**Supplied information**
^^^^^^^^^^^^^^^^

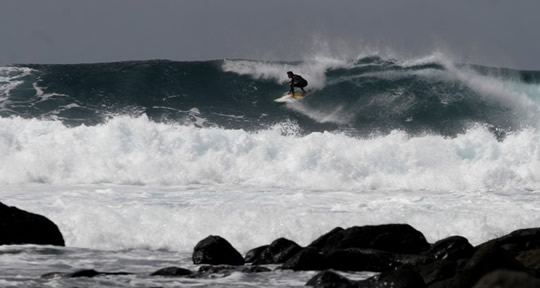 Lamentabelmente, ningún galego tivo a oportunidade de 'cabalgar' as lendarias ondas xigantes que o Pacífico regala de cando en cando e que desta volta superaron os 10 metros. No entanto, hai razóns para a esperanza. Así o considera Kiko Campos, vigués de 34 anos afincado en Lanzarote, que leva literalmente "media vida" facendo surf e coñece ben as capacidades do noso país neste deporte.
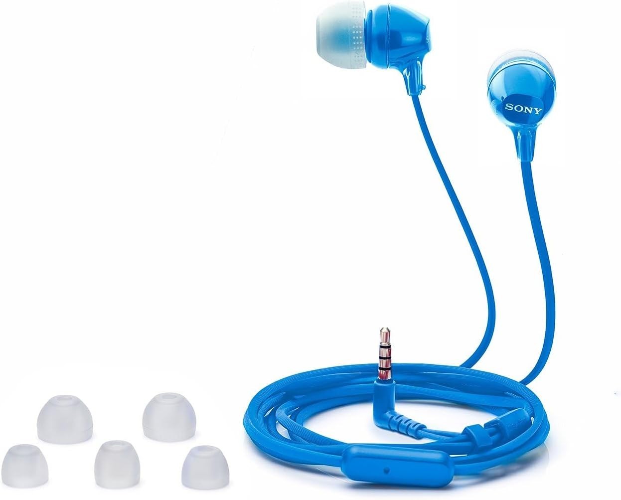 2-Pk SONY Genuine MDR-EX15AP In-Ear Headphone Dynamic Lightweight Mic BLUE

^^^^^^^^^^^^^^^^

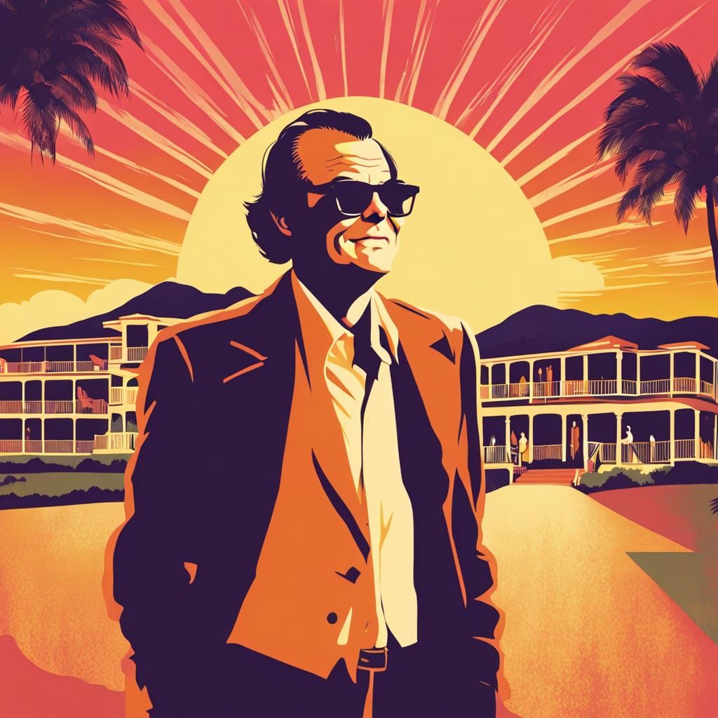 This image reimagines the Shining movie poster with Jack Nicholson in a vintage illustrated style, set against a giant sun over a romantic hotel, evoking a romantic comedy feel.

^^^^^^^^^^^^^^^^

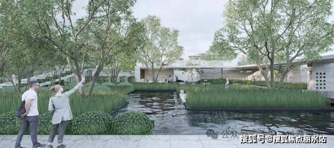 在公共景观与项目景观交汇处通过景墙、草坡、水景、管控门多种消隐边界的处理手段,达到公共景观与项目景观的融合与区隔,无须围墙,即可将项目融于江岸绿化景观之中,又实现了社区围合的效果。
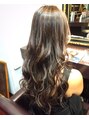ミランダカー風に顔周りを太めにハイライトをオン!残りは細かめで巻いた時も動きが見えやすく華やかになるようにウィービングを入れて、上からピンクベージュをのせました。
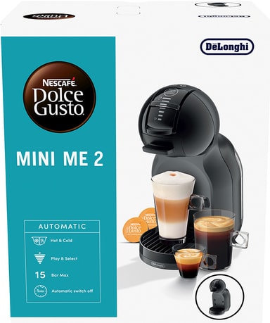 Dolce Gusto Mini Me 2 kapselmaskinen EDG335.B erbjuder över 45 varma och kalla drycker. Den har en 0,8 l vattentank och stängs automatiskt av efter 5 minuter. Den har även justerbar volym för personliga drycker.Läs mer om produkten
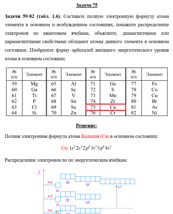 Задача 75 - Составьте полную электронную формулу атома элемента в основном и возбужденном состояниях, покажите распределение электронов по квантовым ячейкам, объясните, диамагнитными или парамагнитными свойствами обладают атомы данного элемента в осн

^^^^^^^^^^^^^^^^

**Aim of the task**
Within the material above, only the stretch from the line holding "Lamentabelmente, ningún galego" through the line holding "2-Pk SONY Genuine" is to be restated exactly. Pictures are dropped.

**Reply to the task**
 Lamentabelmente, ningún galego tivo a oportunidade de 'cabalgar' as lendarias ondas xigantes que o Pacífico regala de cando en cando e que desta volta superaron os 10 metros. No entanto, hai razóns para a esperanza. Así o considera Kiko Campos, vigués de 34 anos afincado en Lanzarote, que leva literalmente "media vida" facendo surf e coñece ben as capacidades do noso país neste deporte.
 2-Pk SONY Genuine MDR-EX15AP In-Ear Headphone Dynamic Lightweight Mic BLUE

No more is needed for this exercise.